Record excerpts section start
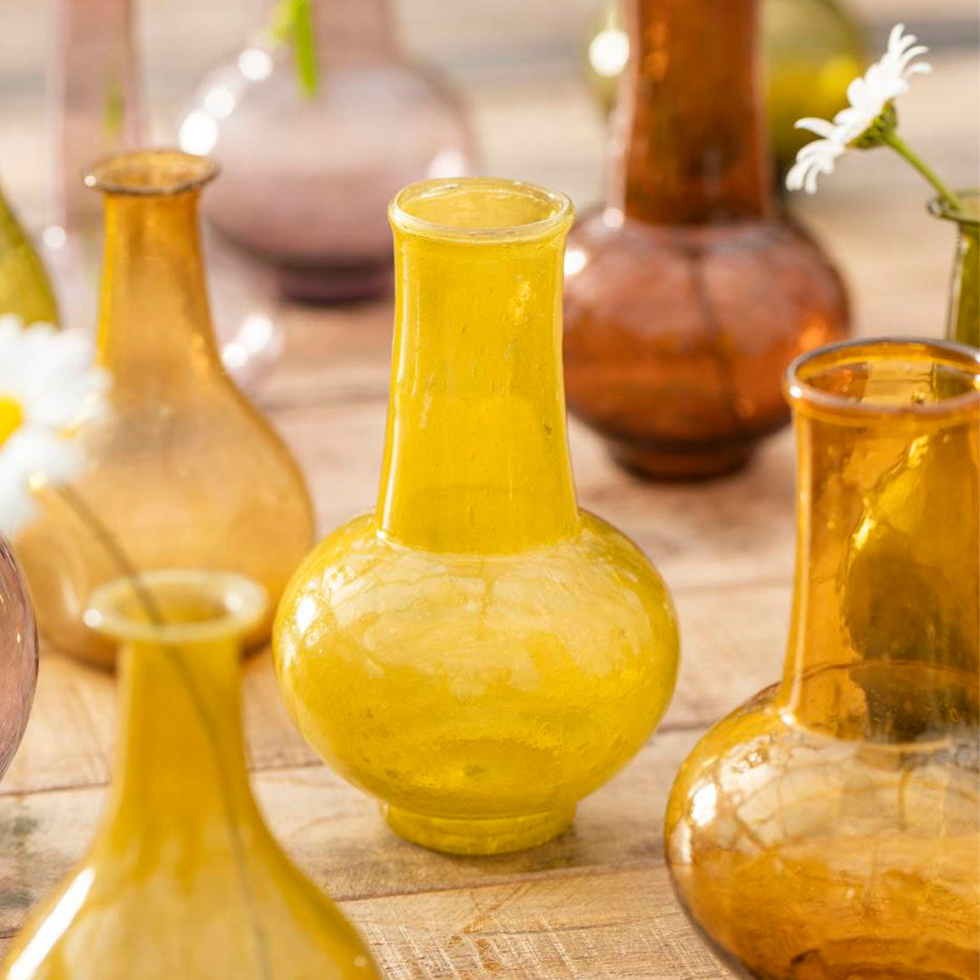 Bring farve og personlighed ind i dit hjem med dette charmerende sæt af 5 mundblæste vaser, hver i sin unikke farve. Vaserne er fremstillet af genbrugsglas og har en elegant, bred hals, der gør dem perfekte til en enkelt blomst – eller som dekorative elementer i sig selv.
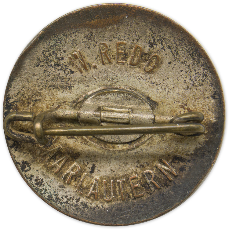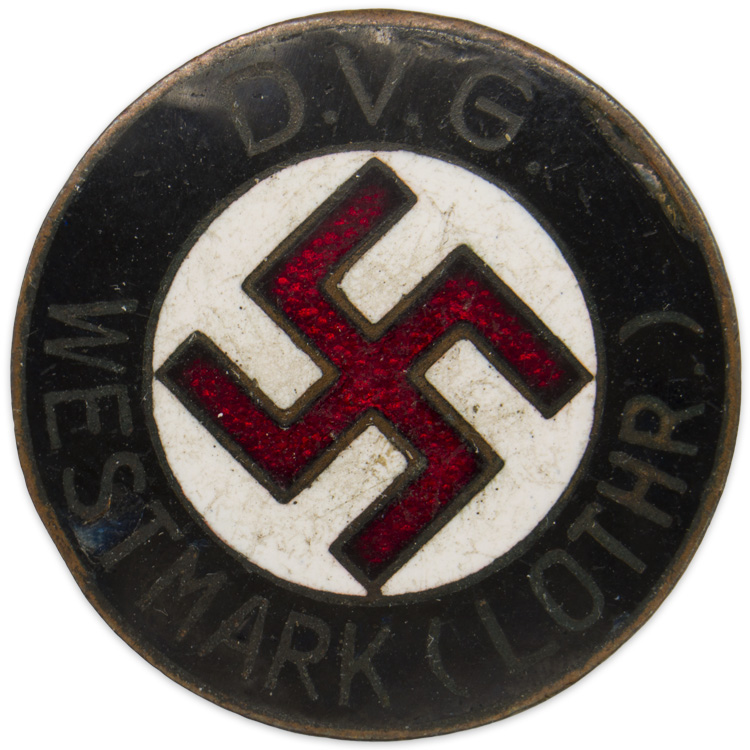 PHYSICAL DESCRIPTION: A 23mm diameter, die struck alloy and enameled badge featuring a black outer border, edged in silver, with the silver script, "D.V.G. Westmark (Lothr.)" encompassing a white field with a red mobile swastika, also edged in silver. A pebbled field is visible below the translucent red enamel. To the reverse is soldered a pin-back device with a base plate. Maker marked to "W.REDO".
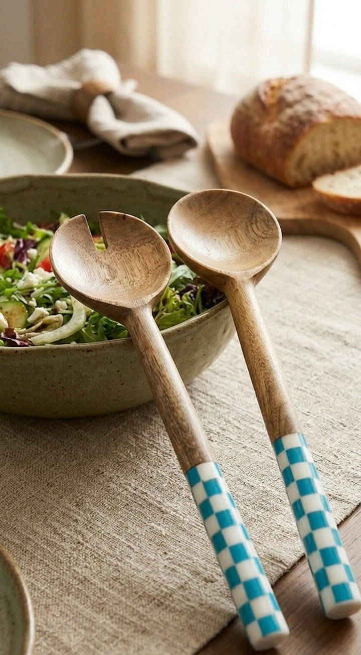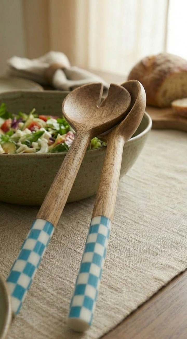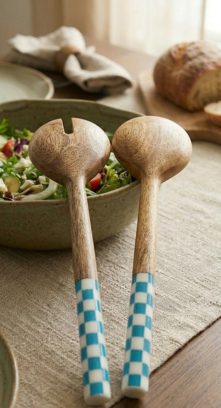 The RB ARTISAN Handcrafted Wooden Salad Server Set adds a vibrant touch to your dining experience with its striking blue and white checkered resin handle. Each set includes a solid mango wood spoon and fork, both fitted with a smooth rounded resin grip featuring a precise checkerboard pattern in bright blue and white — bold, cheerful, and instantly eye-catching.
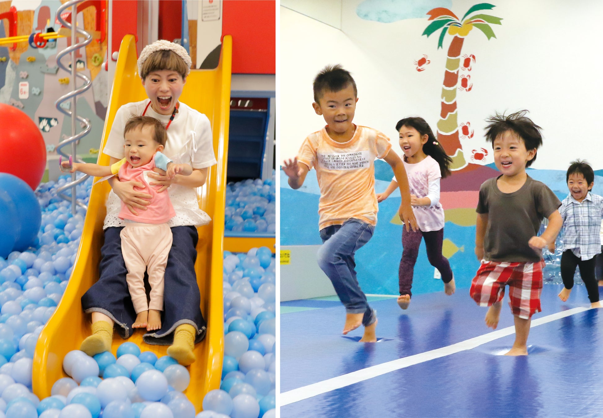 楽しくからだを動かせるゾーン、ごっこ遊びや組み立て遊びを楽しめるゾーンなど、天候に左右されず子どもたちが好きなときに思いっきり遊べる室内あそび場です。
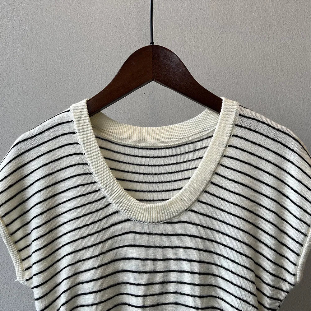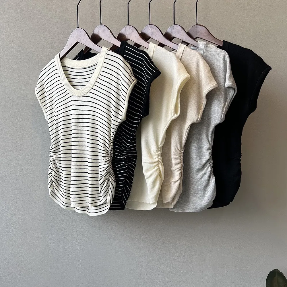 6月新品預購-夏日大U領修身顯瘦針織上衣
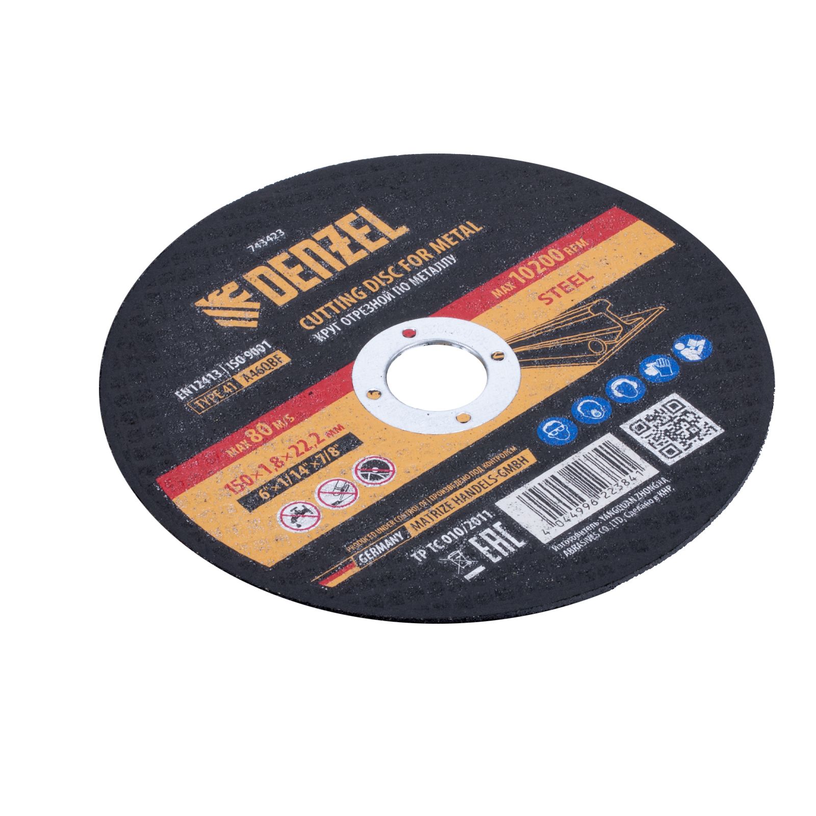 Круг отрезной по металлу Denzel 743423 (A46QBF) размером 150 х 1,8 х 22,2 мм оптимально подходит для реза углеродистых сталей. Используется на УШМ с посадочным диаметром 22,2 мм. Круг рассчитан на профессиональное и бытовое использование, сухой рез.
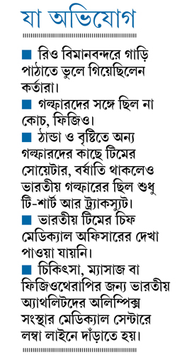 অনির্বাণ যা শুনিয়েছেন সেগুলো এই রকম। তিনি রিও পৌঁছচ্ছেন জানার পরেও বিমানবন্দরে গাড়ি পাঠাতে ভুলে গিয়েছিলেন কর্তারা। ট্যাক্সি নিয়ে গেমস ভিলেজ পৌঁছে ঢোকার অনুমতি পাননি টিমের সরকারি গাড়িতে আসেননি বলে। অন্য দেশের গল্ফারদের সঙ্গে কোচ, সহকারী কোচ এবং ফিজিও ছিল। অনির্বাণ বলেছেন, ‘‘আমাদের টিমে শুধু আমি আর শিবশঙ্কর প্রসাদ চৌরাসিয়া আর আমাদের ক্যাডিরা। কোচই নেই, তার আবার ফিজিও।’’ বৃষ্টি আর রিওর বারো-তেরো ডিগ্রি ঠান্ডায় অন্য গল্ফারদের কাছে জাতীয় দলের সোয়েটার, বর্ষাতি থাকলেও ভারতের দুই গল্ফারের ছিল শুধু টি-শার্ট আর ট্র্যাক-টপ। ‘‘ঠান্ডায় ঠকঠক কাঁপতে কাঁপতে ভেজা জামাতেই খেলেছি আমরা। অলিম্পিক্সে নিজের জিনিস পরা যায় না। দেশেটা পরতে হয়। খুব লজ্জা করেছিল।’’
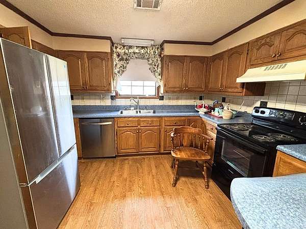 Charming 2BR/1BA home on 4.34 acres in Harmony Grove School district! This inviting 2-bedroom, 1-bath siding home offers comfort, space, and versatility. Enjoy relaxing on the nice front porch or hosting cookouts on the covered side porch—perfect for outdoor entertaining. Inside, the living/dining room combo sits at the front of the home and flows into a well-equipped kitchen featuring good cabinet space, a newer range and dishwasher, and a refrigerator. The pantry is conveniently located in the laundry room. A second living area at the back of the home provides extra space ideal for family gatherings, a game room, or flex space. Outside features include a detached garage/workshop with built-in workbenches along the back and side, insulated walls and ceiling, and a new garage door opener installed in 2025. A smaller storage building is negotiable. The bonus is the 2.3-acre tract across the street that conveys with the property—perfect for an additional home site, garden, rental potential, or future plans. All situated on 4.34 acres total. SELLING AS IS, WHERE IS.
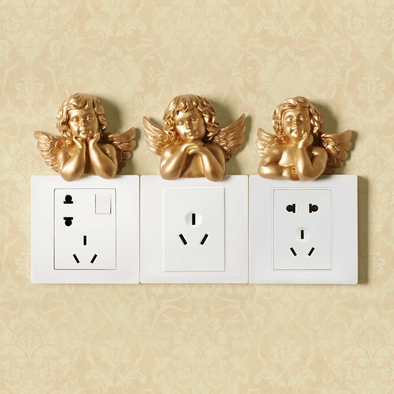 Comprar Interruptor de resina europeia cortinas Decoração de Parede Decorativo Tomada Interruptor Adesivos estereoscópico Anjo Cupido Escultura de casamento Adorno Baratas Online Preço
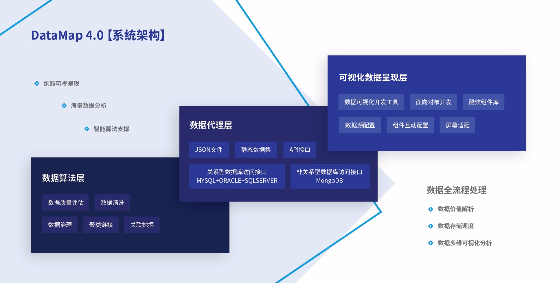 “大數(shù)據(jù)管理平臺(tái)”是基于Apache Hadoop提供海量數(shù)據(jù)存儲(chǔ)和多種高性能計(jì)算框架,覆蓋數(shù)據(jù)存儲(chǔ)、批處理運(yùn)算、實(shí)時(shí)計(jì)算、數(shù)據(jù)ETL、SQL引擎、工作流引擎、任務(wù)管理等多個(gè)方面,使用Hadoop生態(tài)系統(tǒng)中的開(kāi)源技術(shù)作為基礎(chǔ)的技術(shù),支撐多種計(jì)算類(lèi)型的應(yīng)用的混合負(fù)載,如批處理應(yīng)用、交互式查詢(xún)、高頻讀寫(xiě)、全文檢索、數(shù)據(jù)挖掘和實(shí)時(shí)流計(jì)算等多種計(jì)算類(lèi)型。產(chǎn)品同時(shí)提供完整的安全保障體系、圖形化的平臺(tái)管理、數(shù)據(jù)作業(yè)、數(shù)據(jù)引擎、企業(yè)級(jí)安全管理以及實(shí)時(shí)增量數(shù)據(jù)同步工具。
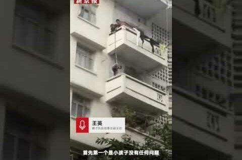 Passers by filmed this little clip that shows the Chinese grandma dangling her 7-year-old grandson named Hao Hao on a rope from the 5th floor balcony in a risky attempt to rescue her beloved cat that was stuck on a ledge one level below their apartment. Footage shows how the boy balances on the tiny ledge, supported by the rope held by his grandma and puts the cat in the bag (no pun intended?) and then both of them get pulled back up to safety by the same grandma, assisted by the boy’s uncle.
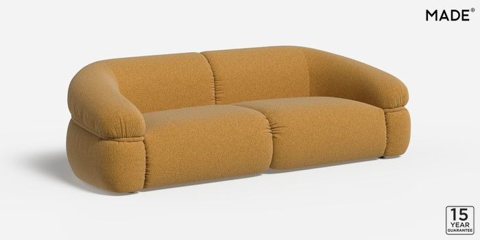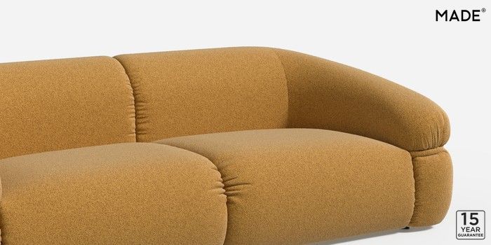 6.12.1 Soma by Made 4 Seater Sofa Soft Touch Boucle Ochre Yellow Glide | Made Click here to use our website with more accessibility support, for example screen readers
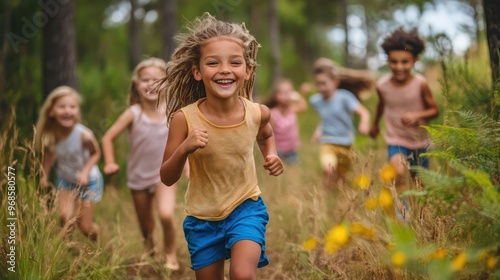 Obraz premium Kids running through the forest, playing tag, laughing, and enjoying the freedom of outdoor play surrounded by nature
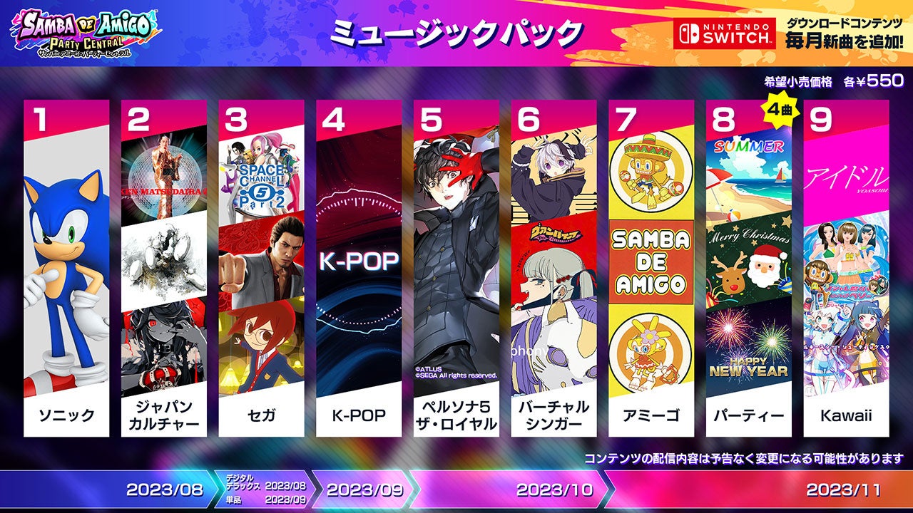 セガは、Nintendo Switch(TM)用ソフト『サンバDEアミーゴ:パーティーセントラル』につきまして、11月30日(木)に新たなダウンロードコンテンツ(DLC)「Kawaii ミュージックパック」を配信することを発表した。また、新たなプレイ動画を公開した。
Record excerpts section end
### Directions for this task
Copy out the records exactly; the pictures stay behind.

### Answer to the exercise
 Bring farve og personlighed ind i dit hjem med dette charmerende sæt af 5 mundblæste vaser, hver i sin unikke farve. Vaserne er fremstillet af genbrugsglas og har en elegant, bred hals, der gør dem perfekte til en enkelt blomst – eller som dekorative elementer i sig selv.
 PHYSICAL DESCRIPTION: A 23mm diameter, die struck alloy and enameled badge featuring a black outer border, edged in silver, with the silver script, "D.V.G. Westmark (Lothr.)" encompassing a white field with a red mobile swastika, also edged in silver. A pebbled field is visible below the translucent red enamel. To the reverse is soldered a pin-back device with a base plate. Maker marked to "W.REDO".
 The RB ARTISAN Handcrafted Wooden Salad Server Set adds a vibrant touch to your dining experience with its striking blue and white checkered resin handle. Each set includes a solid mango wood spoon and fork, both fitted with a smooth rounded resin grip featuring a precise checkerboard pattern in bright blue and white — bold, cheerful, and instantly eye-catching.
 楽しくからだを動かせるゾーン、ごっこ遊びや組み立て遊びを楽しめるゾーンなど、天候に左右されず子どもたちが好きなときに思いっきり遊べる室内あそび場です。
 6月新品預購-夏日大U領修身顯瘦針織上衣
 Круг отрезной по металлу Denzel 743423 (A46QBF) размером 150 х 1,8 х 22,2 мм оптимально подходит для реза углеродистых сталей. Используется на УШМ с посадочным диаметром 22,2 мм. Круг рассчитан на профессиональное и бытовое использование, сухой рез.
 অনির্বাণ যা শুনিয়েছেন সেগুলো এই রকম। তিনি রিও পৌঁছচ্ছেন জানার পরেও বিমানবন্দরে গাড়ি পাঠাতে ভুলে গিয়েছিলেন কর্তারা। ট্যাক্সি নিয়ে গেমস ভিলেজ পৌঁছে ঢোকার অনুমতি পাননি টিমের সরকারি গাড়িতে আসেননি বলে। অন্য দেশের গল্ফারদের সঙ্গে কোচ, সহকারী কোচ এবং ফিজিও ছিল। অনির্বাণ বলেছেন, ‘‘আমাদের টিমে শুধু আমি আর শিবশঙ্কর প্রসাদ চৌরাসিয়া আর আমাদের ক্যাডিরা। কোচই নেই, তার আবার ফিজিও।’’ বৃষ্টি আর রিওর বারো-তেরো ডিগ্রি ঠান্ডায় অন্য গল্ফারদের কাছে জাতীয় দলের সোয়েটার, বর্ষাতি থাকলেও ভারতের দুই গল্ফারের ছিল শুধু টি-শার্ট আর ট্র্যাক-টপ। ‘‘ঠান্ডায় ঠকঠক কাঁপতে কাঁপতে ভেজা জামাতেই খেলেছি আমরা। অলিম্পিক্সে নিজের জিনিস পরা যায় না। দেশেটা পরতে হয়। খুব লজ্জা করেছিল।’’
 Charming 2BR/1BA home on 4.34 acres in Harmony Grove School district! This inviting 2-bedroom, 1-bath siding home offers comfort, space, and versatility. Enjoy relaxing on the nice front porch or hosting cookouts on the covered side porch—perfect for outdoor entertaining. Inside, the living/dining room combo sits at the front of the home and flows into a well-equipped kitchen featuring good cabinet space, a newer range and dishwasher, and a refrigerator. The pantry is conveniently located in the laundry room. A second living area at the back of the home provides extra space ideal for family gatherings, a game room, or flex space. Outside features include a detached garage/workshop with built-in workbenches along the back and side, insulated walls and ceiling, and a new garage door opener installed in 2025. A smaller storage building is negotiable. The bonus is the 2.3-acre tract across the street that conveys with the property—perfect for an additional home site, garden, rental potential, or future plans. All situated on 4.34 acres total. SELLING AS IS, WHERE IS.
 Comprar Interruptor de resina europeia cortinas Decoração de Parede Decorativo Tomada Interruptor Adesivos estereoscópico Anjo Cupido Escultura de casamento Adorno Baratas Online Preço
 “大數(shù)據(jù)管理平臺(tái)”是基于Apache Hadoop提供海量數(shù)據(jù)存儲(chǔ)和多種高性能計(jì)算框架,覆蓋數(shù)據(jù)存儲(chǔ)、批處理運(yùn)算、實(shí)時(shí)計(jì)算、數(shù)據(jù)ETL、SQL引擎、工作流引擎、任務(wù)管理等多個(gè)方面,使用Hadoop生態(tài)系統(tǒng)中的開(kāi)源技術(shù)作為基礎(chǔ)的技術(shù),支撐多種計(jì)算類(lèi)型的應(yīng)用的混合負(fù)載,如批處理應(yīng)用、交互式查詢(xún)、高頻讀寫(xiě)、全文檢索、數(shù)據(jù)挖掘和實(shí)時(shí)流計(jì)算等多種計(jì)算類(lèi)型。產(chǎn)品同時(shí)提供完整的安全保障體系、圖形化的平臺(tái)管理、數(shù)據(jù)作業(yè)、數(shù)據(jù)引擎、企業(yè)級(jí)安全管理以及實(shí)時(shí)增量數(shù)據(jù)同步工具。
 Passers by filmed this little clip that shows the Chinese grandma dangling her 7-year-old grandson named Hao Hao on a rope from the 5th floor balcony in a risky attempt to rescue her beloved cat that was stuck on a ledge one level below their apartment. Footage shows how the boy balances on the tiny ledge, supported by the rope held by his grandma and puts the cat in the bag (no pun intended?) and then both of them get pulled back up to safety by the same grandma, assisted by the boy’s uncle.
 6.12.1 Soma by Made 4 Seater Sofa Soft Touch Boucle Ochre Yellow Glide | Made Click here to use our website with more accessibility support, for example screen readers
 Obraz premium Kids running through the forest, playing tag, laughing, and enjoying the freedom of outdoor play surrounded by nature
 セガは、Nintendo Switch(TM)用ソフト『サンバDEアミーゴ:パーティーセントラル』につきまして、11月30日(木)に新たなダウンロードコンテンツ(DLC)「Kawaii ミュージックパック」を配信することを発表した。また、新たなプレイ動画を公開した。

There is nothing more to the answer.